Be careful assigning a single group to more than one role. While this is allowed, a role named Client Manager in a marketing process will involve a completely different group of people than the Account Manager role inside a sales process. First understand the role in the process and then determine the people (group) that should be assigned. Even though the roles might have similar sounding names, always verify who should be in the group
Although assigning participants to specific individual Oracle BPM roles is still permitted in this scenario, this should do not be done when using Microsoft Active Directory as Oracle BPM's hybrid LDAP. There must be just one system of record for participant assignments to their work and it needs to be Microsoft Active Directory in this scenario.
* Microsoft Active Directory is the central location for all organization unit, participant, group and participant assignment to groups and organization units. The Oracle BPM FDI database stores the assignment of roles to groups and assignment of absence periods to participants.
* Assign participants to groups using Microsoft Active Directory - do not assign participants to roles in the Oracle Process Administrator tool.
* In large and mid-sized corporations, use Master groups to reduce synchronization and Engine startup time.
Join the Conversation
I have been following your blog posts and tutorials over internet to understand and learn Oracle SOA & BPM Technology.
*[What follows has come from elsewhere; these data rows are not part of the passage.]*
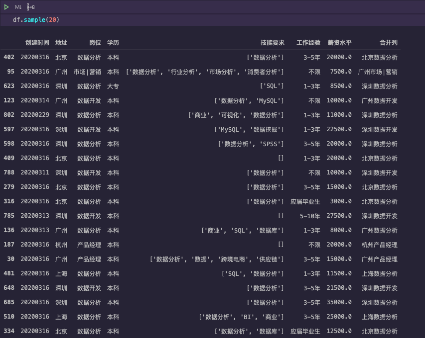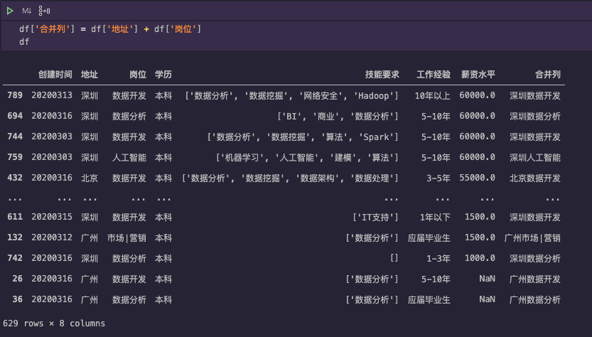 在Pandas中合并多列比较简单,类似于之前的数据插入操作,例如合并示例数据中的地址+岗位列使用df[‘合并列’] = df[‘地址’] + df[‘岗位’]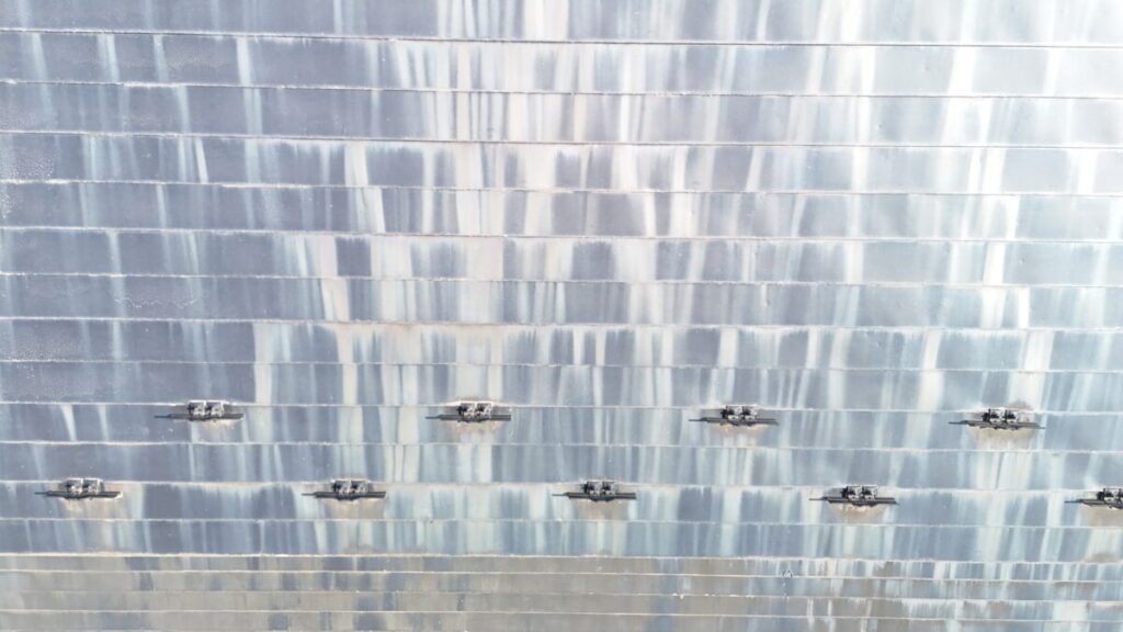 ドローンによる診断の結果、棟板金を固定している釘の浮きが見受けられました。
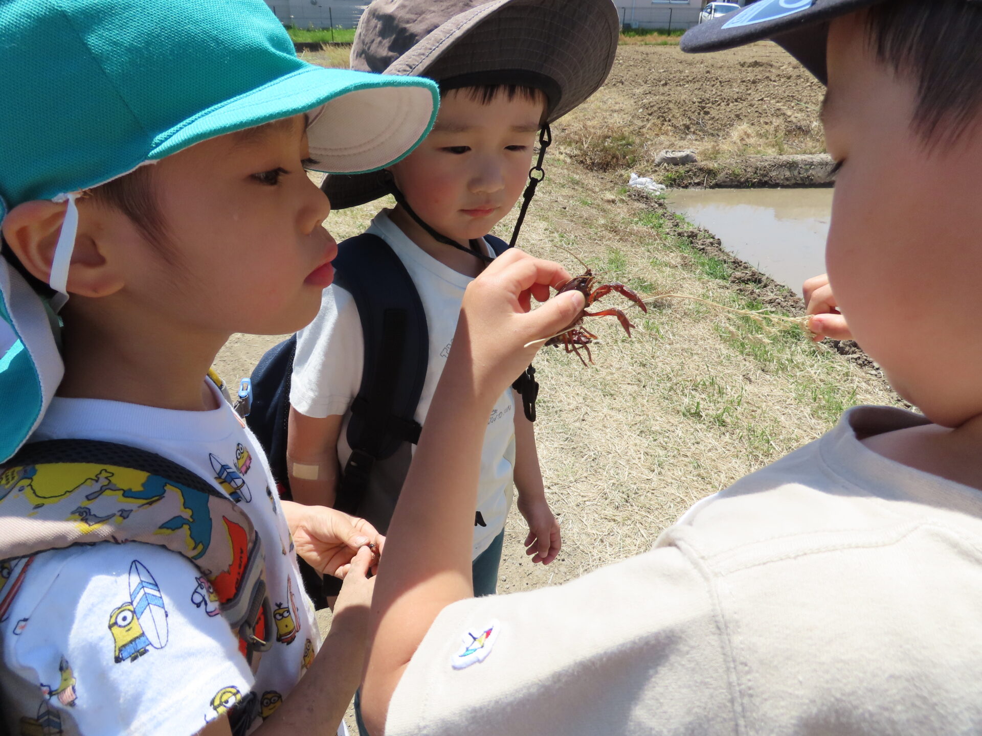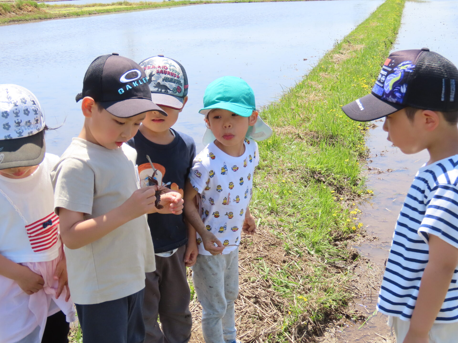 先日、田んぼ観察に出かけた5歳児のこどもたちは、ザリガニやカエルがたくさんいたことも楽しみになり、「また、行きたい!」「今度は、いつ行く?」など、田んぼへ出かけることを話し合っていました。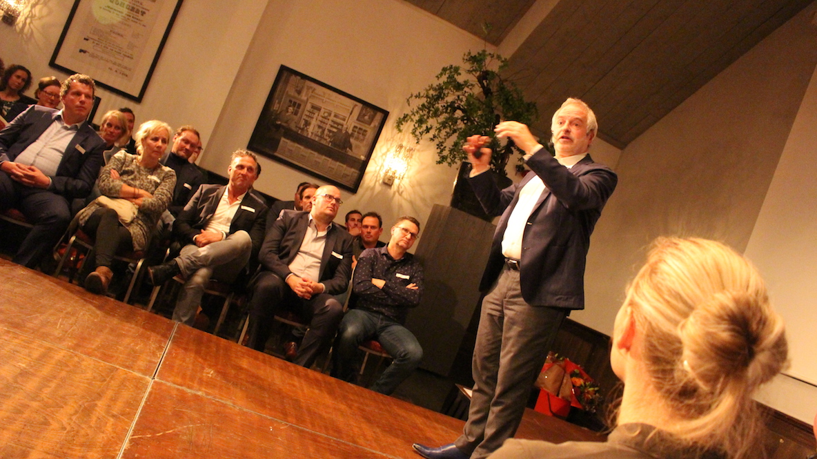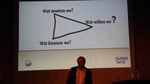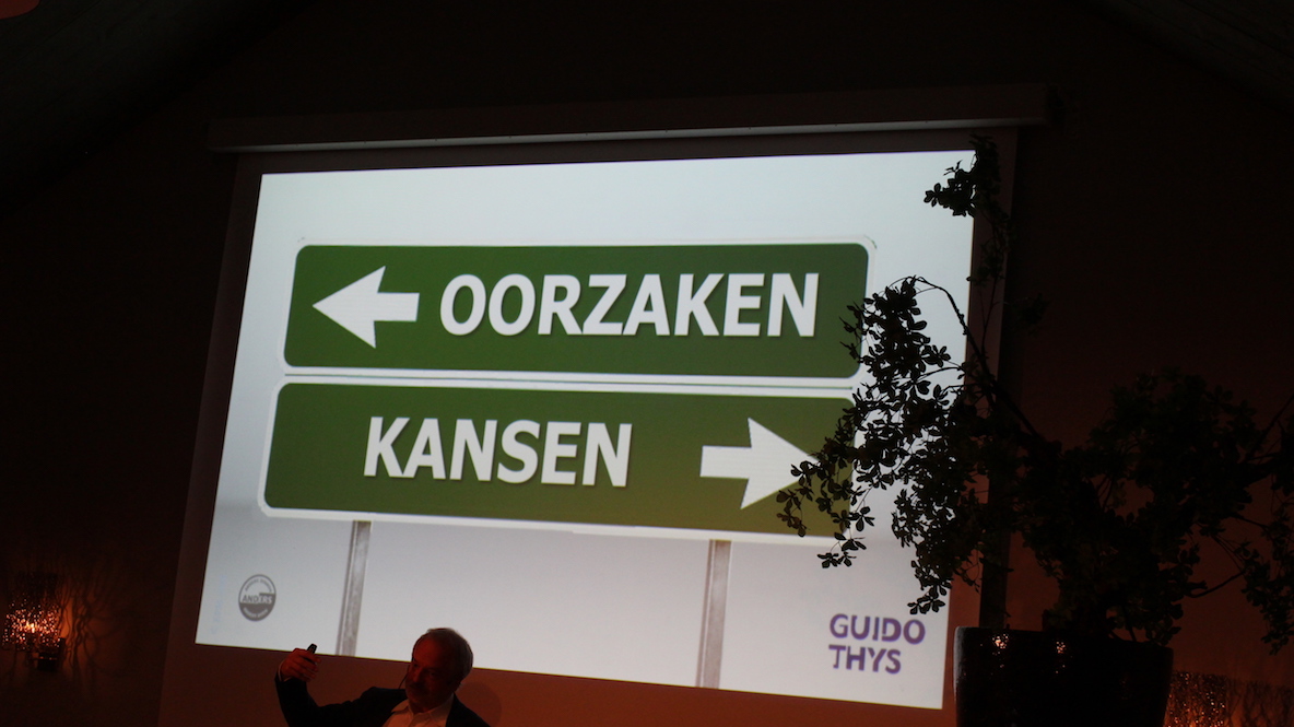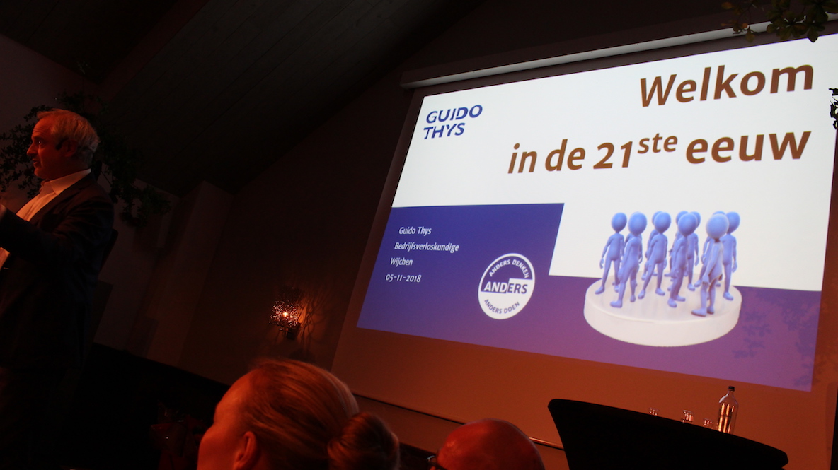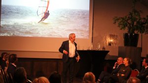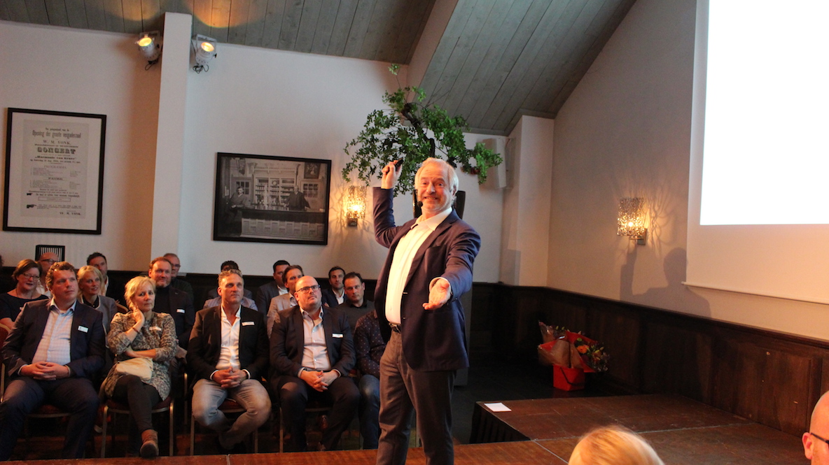 De Vlaamse ‘dwarsdenkende en toch plezante’ gastspreker Guido Thys betrad het podium en nam de ondernemers mee in zijn visie op het ondernemen in de continu veranderende wereld. Hoe bepaal en houd je koers? Guido zette de toehoorders op het verkeerde been, waardoor ze gemakkelijker op een andere manier naar het bedrijf en het ondernemerschap kijken. Kijk niet alleen naar het product als een klant een vraag aan je stelt. Het gaat niet daarom, maar om de vraag er achter en de vraag daar achter. In feite gaat het om de behoefte van de klant. Dus focus je daarop als ondernemer en staar je niet blind op het product dat je levert, want dat zou morgen of overmorgen wel eens achterhaald kunnen zijn. Als je geen meerwaarde biedt als ondernemer dan kiest de klant voor een ander. Dit vraagt om creativiteit en aanpassingsvermogen van de ondernemer, oftewel uit je comfort-zone komen.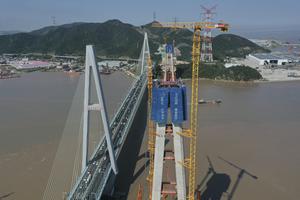 (251007) — ZHOUSHAN, 7 octubre, 2025 (Xinhua) — Vista aérea tomada con un dron el 6 de octubre de 2025 del sitio de construcción del puente carretero-ferroviario de Taoyaomen, en Zhoushan, en la provincia de Zhejiang, en el este de China. Una torre principal del puente carretero-ferroviario de Taoyaomen, construido por China Railway Major Bridge Engineering Group Co., Ltd., fue cerrada con éxito el lunes, lo que supone un avance significativo de este proyecto. (Xinhua/Huang Zongzhi) (jg) (ra) (ce)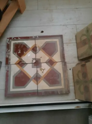 Suelo hidráulico original de una casa de principios del siglo XX. - Diseño floral y geométrico. - Tonos beige, marrón y burdeos. 20x20cm Regalo el rodapies y los recortes Ya esta listo para recoger Se entrega con restos de yeso Se encuentra en Chella, a 45” de valencia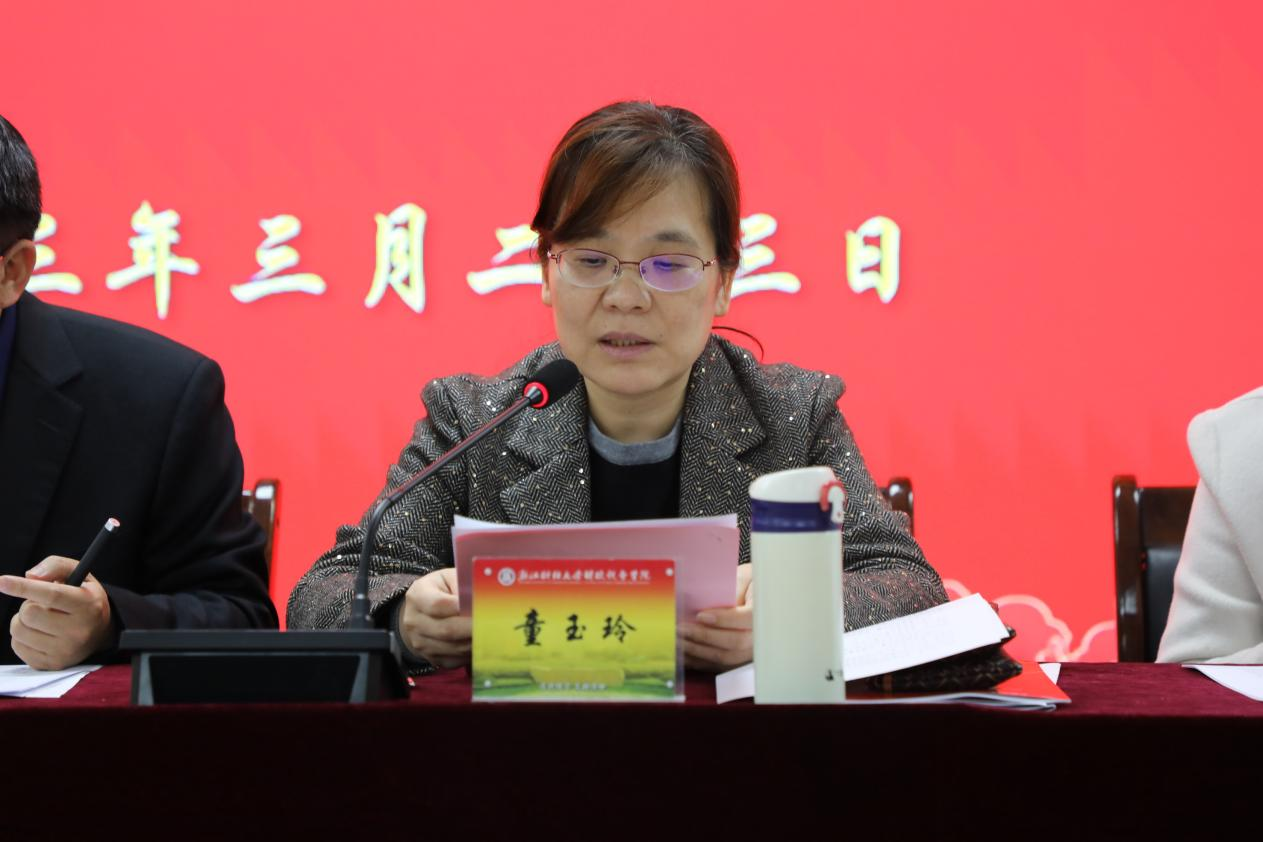 会上,党委书记童玉玲代表学院领导班子作《2022年学院工作报告》和《2022年学院财务报告》,从党组织工作,教学建设,学科、科研、研究生工作,师资队伍,学生工作,社会服务工作,院务公开,工会工作等方面对2022年的工作进行了全面总结,并分析了学院工作遭遇的瓶颈及存在的不足,对2023年学院重点工作进行了安排部署。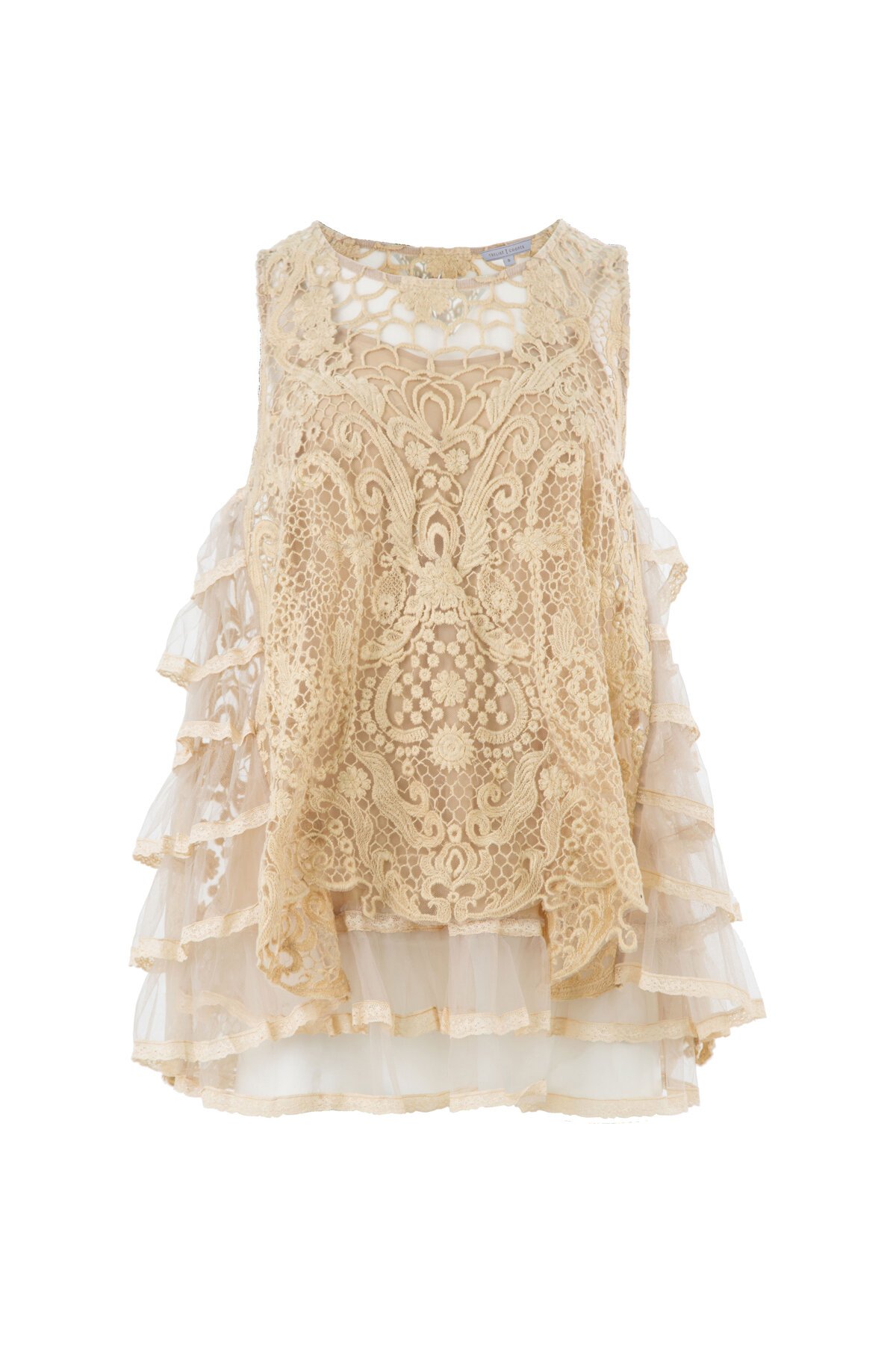 Stunning one-of-a-kind 'Addicted To Love' embroidered lace crafted in an easy-to-wear, A-line silhouette with layered tulle side panel frills. Detailed but easy to dress up or down. We love this top teamed with the "Strut Like Jagger' trousers.

Recently I came across a scenario which appears to be an understanding issue from my end for which I need your expert advice. I have configured Weblogic Security Realm to authenticate against Microsoft Active Directory and able to populate users/gropus from AD in WLS User & Groups. But if I want to use the same users to associate with my BPM process roles (Swimlanes) I am getting stuck. As all I came across the blogs is configuration of AD for Weblogic and I assume once users & groups are linked from AD to WLS same should be usable in mapping users for BPM Processes. But its not populating when I tried through BPM Composer Administration tab.
Is there a specific setting I need to change at BPM Administration screen or EM to populate users from AD in BPM Workspace?
Please advice as honestly I couldn't find a single blog mentioning this sceanrio.